Exercise 7 Go to this link: rstan, and follow the instructions to download and install the \(\mathsf{rstan}\) library. Once you did it succesfully, open the file model called \(\mathsf{biparametric.stan}\), and replace the line:

\[\mathsf{ target+=cauchy\_lpdf(sigma| 0, 2.5);} \]

with the following one:

\[\mathsf{ target+=uniform\_lpdf(sigma| 0.1, 10);} \]

Which prior are you now assuming for your parameter \(\sigma\)? Reproduce the same plots as above and briefly comment.

Extra # Model comparisons

In Bayesian inference we can still perform some tests in order to verify some assumptions. Rather than verifying a particular value for a parameter, we are here more interested in assessing some model comparisons in term of prior choices. Suppose you want to test the hypothesis

\[H_0: \theta \in \Theta_0; H_1: \theta \in \Theta_1,\]

where \(\Theta_0\) and \(\Theta_1\) form a partition of the parameter space.

The beliefs about the two hypotheses are summarized by the posterior odds ratio:

\[\frac{p_0}{p_1}=\frac{P(\theta\in \Theta_0|y)}{P(\theta\in \Theta_1|y)}=\frac{\int_{\Theta_0}\pi(\theta|y)d\theta}{\int_{\Theta_1}\pi(\theta|y)d\theta}\]

A measure of the evidence provided by the data in support of \(H_0\) over \(H_1\) is the Bayes factor:

\[BF_{01}= \frac{\mbox{posterior odds}}{\mbox{prior odds}}=\frac{p_0/p_1}{\pi_0/\pi_1}=\frac{m_{0}(y)}{m_1(y)},\]

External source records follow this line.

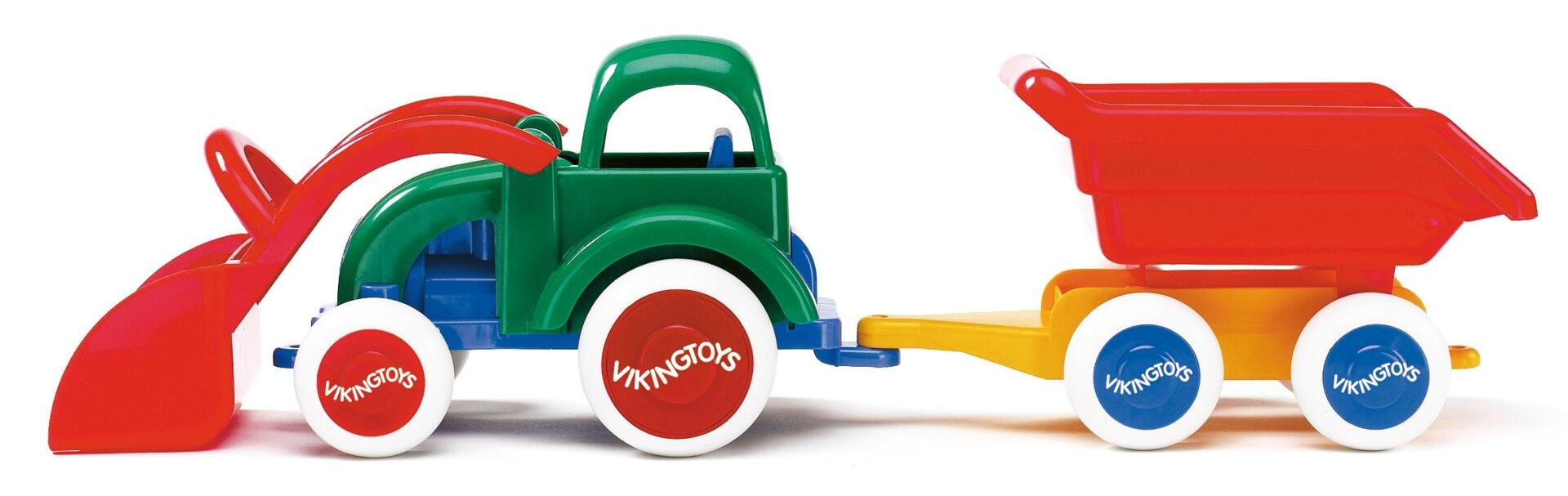 John Deeres toptraktor med en massiv tre-akslet dumper. De gummibelagte hjul har originale fælge. Traktoren har aftagelig motorhjelm, frontlæsser med skovl og anhænger. Bortset fra ganske små dele er den tre-akslede dumper lavet kun af metal. Målestok 1:87. Længde: 20 cm. Fremstillet af ABS, PP, PS og metal. Fra 3 år.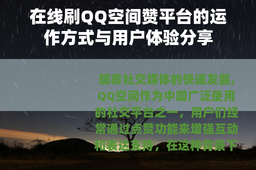 随着社交媒体的快速发展,QQ空间作为中国广泛使用的社交平台之一,用户们经常通过点赞功能来增强互动和表达支持,在这种背景下,在线刷QQ空间赞平台逐渐兴起,为用户提供了一种便捷的途径来增加点赞数量,这些平台通过技术手段,帮助用户快速提升点赞数,从而增强内容的可见度和社交影响力,本文将从平台的功能、工作原理、使用场景以及优势等方面进行介绍,以提供全面的了解。
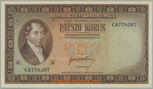 Banknotes. Ba.75, 500Kcs b.l. (1945), the first set CA, perf 3 small holes vertical; very fine (Image) (Image2)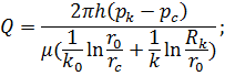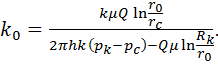 Радиус зоны с проницаемостью к0 |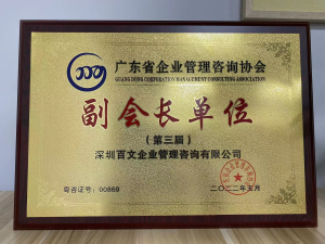 2022年5月,经广东省企业管理咨询协会审核批准,深圳百文企业管理咨询有限公司入选为协会副会长单位。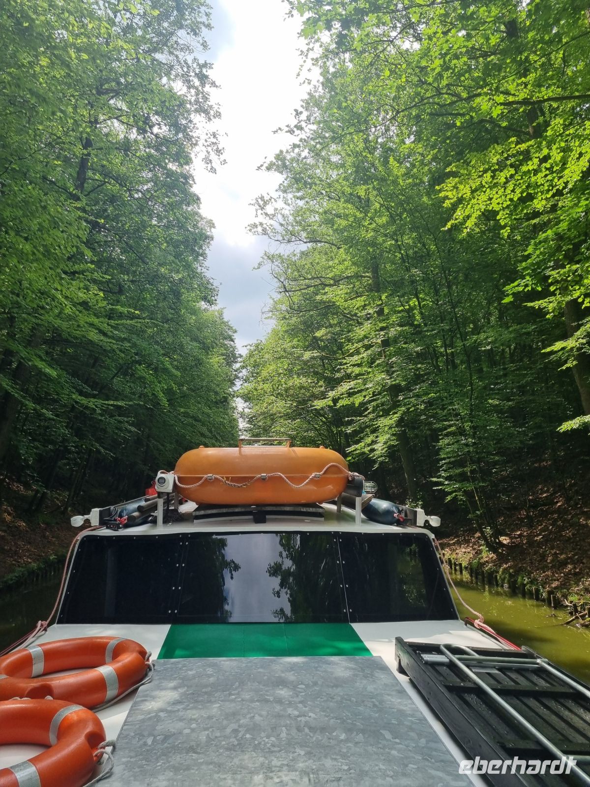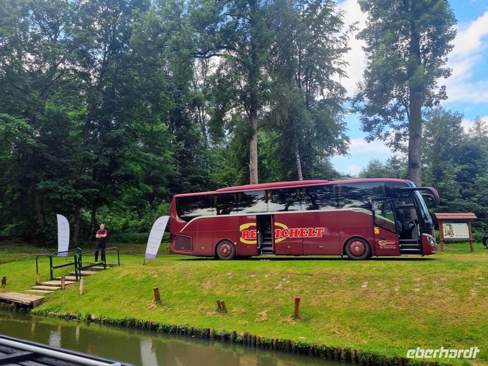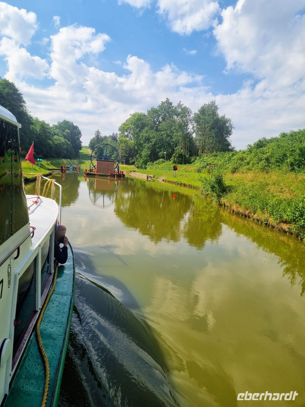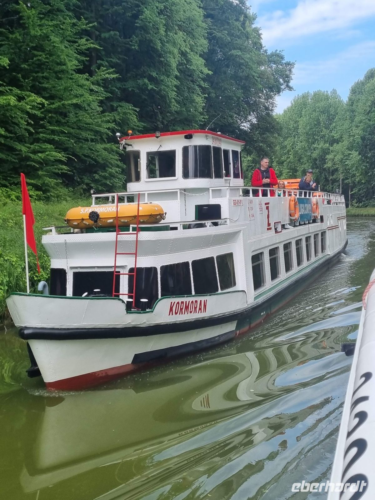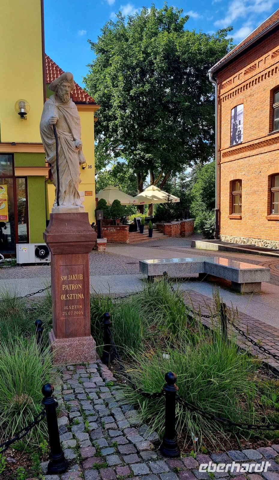 Nach dem Frühstück checken wir aus und fahren ins ca 100 km entfernte Jelonki. Über Nacht hatte es geregnet und auch auf der Fahrt wollen sich die Regenwolken nicht verziehen. Wir erreichen bei leichtem Nieseln den Schiffsanleger , können aber schon erahnen , dass es in Kürze aufklaren wird. Wir haben ein Schiff ganz für uns und nachdem alle Platz genommen haben , beginnt auch schon der erste Anstieg auf einen Rollberg, alle Steigungen überwinden zwischen 20 und 25 m dabei. Beata die "Kapitänsfrau" unterhält uns mit lustigen Kommentaren und erzählt alles Wissenswerte zu diesem Technischen Unikum. Außerdem werden Snacks und Getränke angeboten. Insgesamt hebt sich unser Schiff auf seinem Rollwagen gleich über 5 Berge und wunderschönen wildromantische Kanalabschnitte werden durchfahren . Wildschweine und Störche mitten im Wald werden gesichtet. Am Anleger erwartet uns der Bus und ich lasse es mir nicht nehmen alle Schiffspassagiere zu einer Kanaltaufe einzuladen , Goldwasser wird ausgeschenkt und wir prosten uns zu auf dieses tolle Erlebnis zu. Nachschlag gibt es dann auch noch. So gut gelaunt geht es dann weiter Richtung Olstyn, da wir sehr zeitig sind haben wir eine Mittagspause in einem typisch polnischen Lokal eingeplant . Essen kann man sich an der Bedienungstheke selbst aussuchen, ich erkläre die Gerichte, helfe bei der Bestellung und nicht wenige sind überrascht über das qualitativ sehr gute Essen. Allen hat es fantastisch geschmeckt und so gestärkt starten wir unsere Stadtbesichtigung in Olstyn mit Besuch der Kirche St.Jakob, dem Marktplatz , der Burg , der Stadttore und dem Denkmal für den wichtigsten Sohn der Stadt , Kopernikus. Nach dem Stadtrundgang geht es dann nach Sensburg in unser Hotel Huszcza direkt am Czos See. Nach Check In und kurzer Pause geht es dann zum Abendessen, der Hoteldirektor begrüßt uns mit einem Schnäpschen und wir lernen , die Suppe kommt immer direkt aus der Vase auf den Tisch , So zumindest seine eigenen Worte.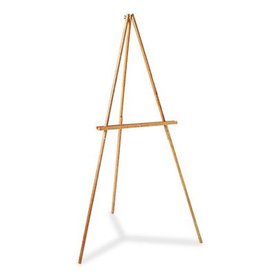 - Natural, lightweight wood easel stands 64" high, folds to 3w x 3d x 35 1/4h.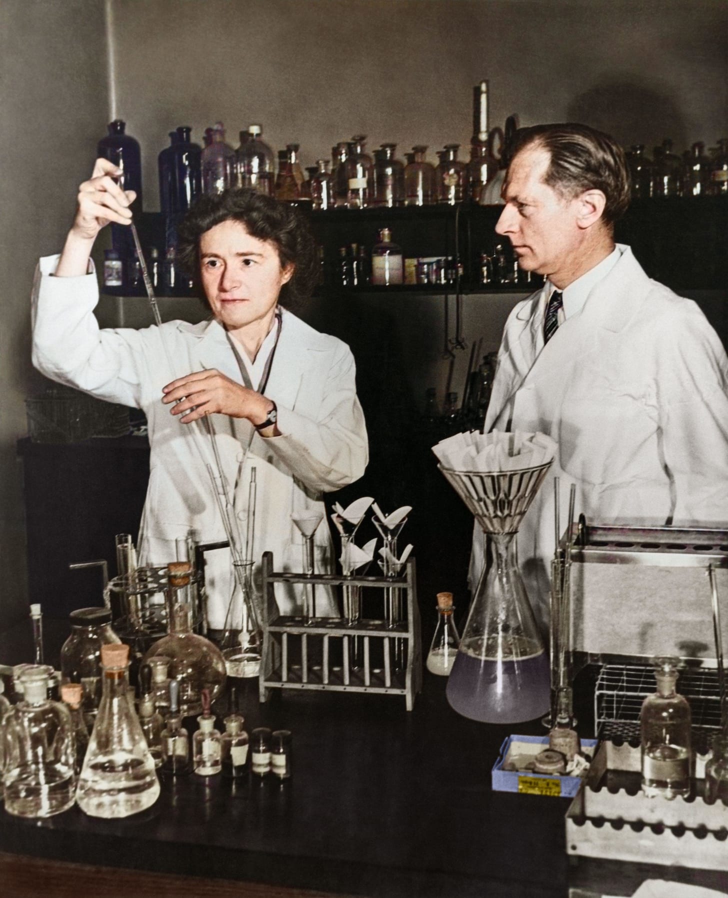 In both, glass bottles of reagents, racks of disposable plastic tips, and half-empty boxes of parafilm wrap cluttered the benches. pH meters dangled coils of cords next to old Gilson pipettes, resting on their sides. Ice buckets held a jumble of tubes, labels fading into illegibility. A tabletop centrifuge hummed in the corner, its brushed-metal body dented from hard use. Even the smell, if you could step inside the frame, would be familiar — likely a faint mix of ethanol and agar.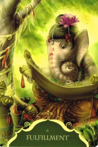 The image of Ganesha reading the scroll is a symbol of the importance of education and the pursuit of knowledge. This might mean there is a period of increased study and learning at hand. You may find you want to inquire about a field of study that has been widely explored and choose to go to an experienced teacher to learn more.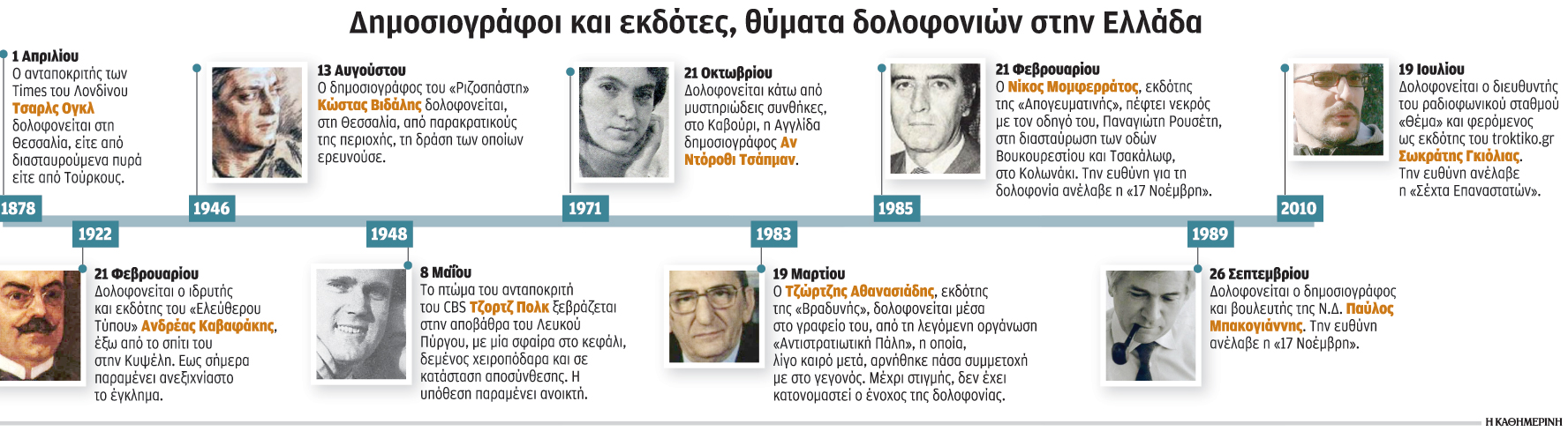 Η «Κ», με αφορμή τον θάνατο της Κιμ Ουόλ και την υπενθύμιση δολοφονιών όπως της Τζιλ Ντάντον του BBC (για τους υπαιτίους της οποίας υπάρχουν διάφορα σενάρια) το 1999, της Ρωσίδας αντιπουτινικής δημοσιογράφου Αννα Στεπάνοβνα Πολιτκόφσκαγια, το 2006, του Μεξικανού συναδέλφου της Αρμάντο Ροντρίγκεζ, το 2008, διότι τα είχε βάλει με τα καρτέλ ναρκωτικών, θυμάται τρεις υποθέσεις δολοφονιών δημοσιογράφων στην Ελλάδα, που παραμένουν ανεξιχνίαστες, καθώς ποτέ δεν δόθηκαν στη δημοσιότητα αδιάσειστα στοιχεία. Πρόκειται για τις δολοφονίες του Ανδρέα Καβαφάκη το 1922, της Αν Ντόροθι Τσάπμαν το 1971 και του Τζορτζ Πολκ το 1948.
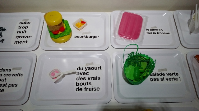 Je comprend. Quand j’ai commencé la visite, j’ai trouvé l’ensemble très étrange. Et puis c’est en observant avec attention les détails que j’ai trouvé de l’intérêt à cette exposition. Il faut vraiment garder en tête le fil conducteur, à savoir la relation de notre société avec la nourriture.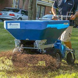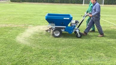 Noleggiamo questo spandisabbia semovente rotativo, modello professionale che garantisce una distribuzione rapida e precisa di sabbia e terriccio.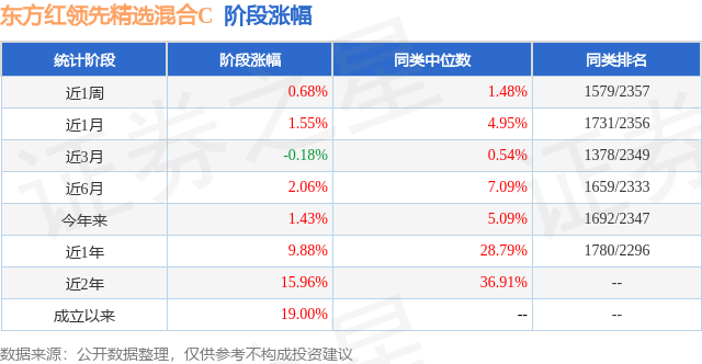 从业绩表现来看,东方红领先精选混合C基金过去一年净值涨幅为9.88%,在同类基金中排名1780/2296,同类基金过去一年净值涨幅中位数为28.79%。而基金过去一年的最大回撤为-2.86%,成立以来的最大回撤为-5.33%。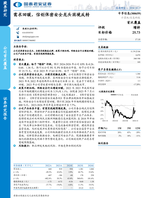 【国泰君安证券】【20241027】中孚信息(300659)需求回暖,信创保密安全龙头困境反转-14页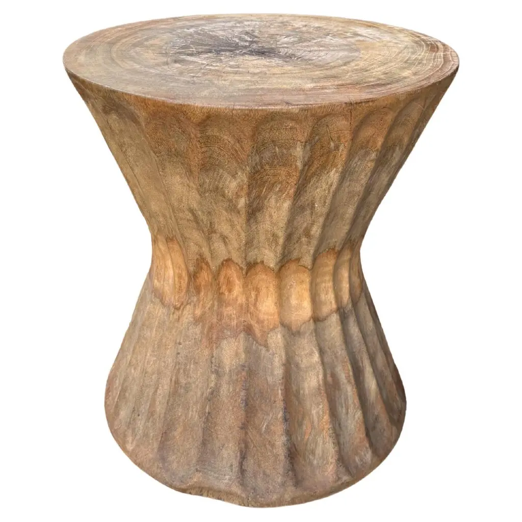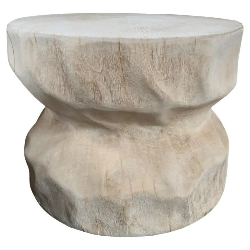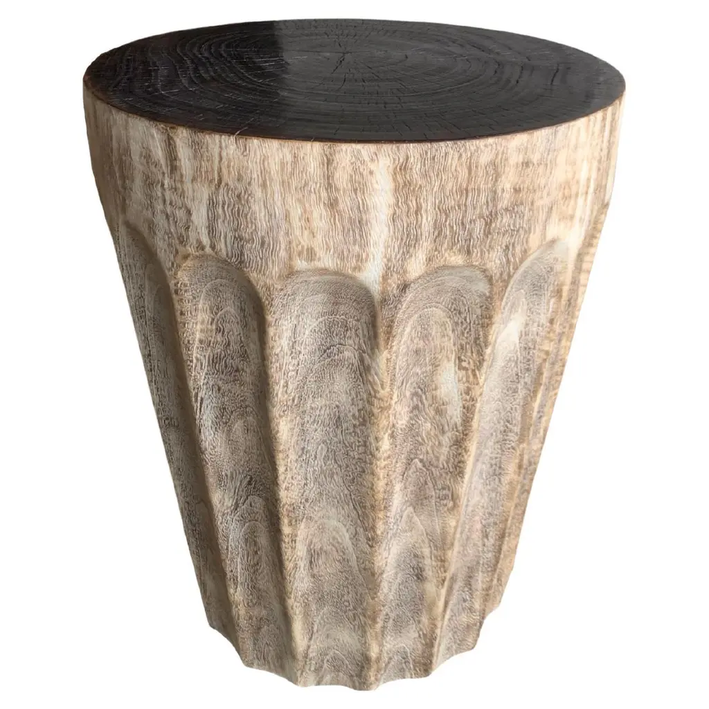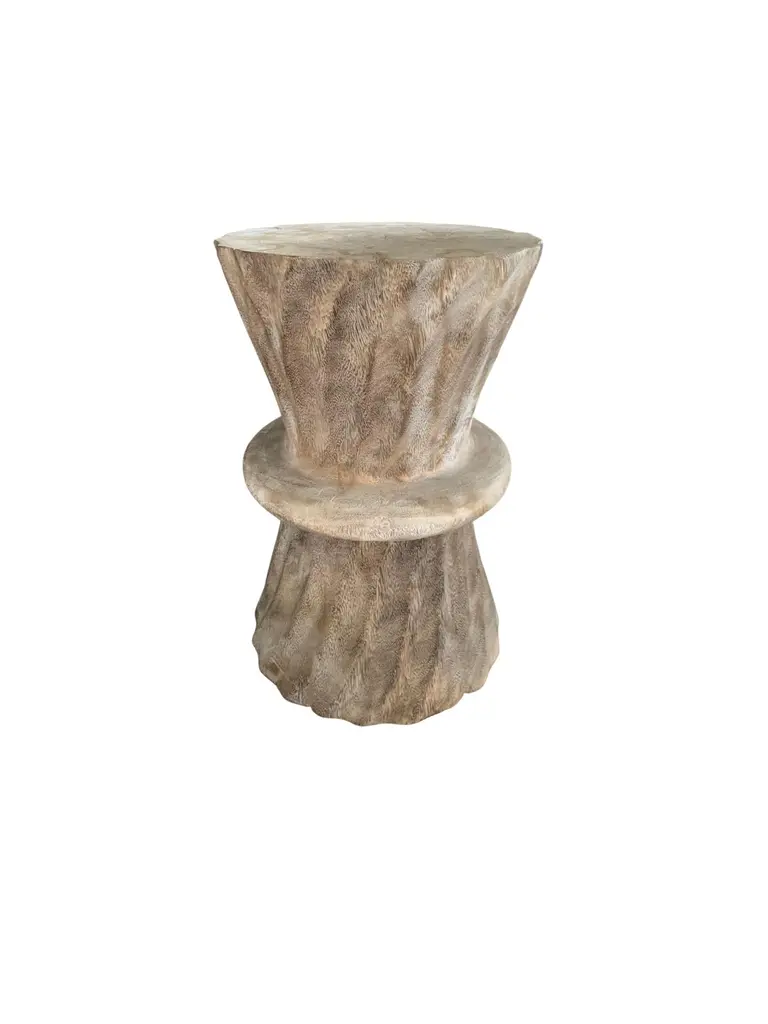 This wonderfully sculptural round side table features a ribbed & spiral pattern along its sides. The table's neutral pigment makes it perfect for any space. A uniquely sculptural and versatile piece certain to invoke conversation. It was crafted from a solid block of mango wood. It features a sanded down finish exposing a wonderful mix of wood textures. The shades of white present on the table was achieved through a bleaching process.
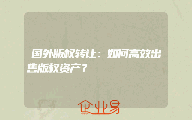 - 国外版权转让:如何高效出售版权资产?一、明确版权资产的价值在出售版权资产之前,首先需要明确其真实价值。这涉及到对作品创新性、市场需求、潜在收益、同类作品市场行情等多个维度的评估。版权所有者应当进行详尽的市场调研,并咨询专业的知识产权顾问,确

where \(\pi_0\) and \(\pi_1\) are respectively \(\int_{\Theta_0}\pi(\theta)d\theta\) and \(\int_{\Theta_1}\pi(\theta)d\theta\) the probability of the two hypotheses prior observing the data. \(m_0(y)\) and \(m_1(y)\), better known as marginal likelihoods, are \(\int_{\Theta_0}L(\theta_0;y)\pi(\theta_0)d\theta_0\) and \(\int_{\Theta_1}L(\theta_1;y)\pi(\theta_1)d\theta_1\) respectively.

Models for soccer goals

Suppose we are interested in assessing the average number of goals scored by a given team in Major league Soccer, and denote the goals for \(n\) games as \(y_1,\ldots,y_n\). Since goals are relatively rare events, we assume that:

\[y_i \sim \mathsf{Poisson}(\lambda), \ i=1,\ldots,n,\] thus, the likelihood is:

\[L(\lambda; y)=\prod_{i=1}^{n} e^{-\lambda}\frac{\lambda^{y_{i}}}{y_i!}.\] Now, we have to elicit a prior for the parameter \(\lambda\), and several choices are plausible:

Prior 1: \(\lambda \sim \mathsf{Gamma}(4.57, 1.43)\), meaning that the average is \(\alpha/\beta= 3.195804\), with \(\alpha\) the shape parameter and \(\beta\) the rate parameter, and the quartiles for \(\lambda\) are given by 2.10 and 4.04.
Prior 2: \(\log(\lambda) \sim \mathcal{N}(1, .5^2)\). The quartiles for this prior for \(\log(\lambda)\) are 0.66 and 1.34, which translates to prior quartiles for \(\lambda\) of 1.94 and 3.81.
Prior 3: \(\log(\lambda) \sim \mathcal{N}(2, .5^2)\). The quartiles for \(\log(\lambda)\) are 1.66 and 2.33, which translates to prior quartiles for \(\lambda\) of 5.25 and 10.27.
Prior 4: \(\log(\lambda) \sim \mathcal{N}(1, 2^2)\). The quartiles for \(\log(\lambda)\) are -0.34 and 2.34, which translates to prior quartiles for \(\lambda\) of 0.71 and 10.38.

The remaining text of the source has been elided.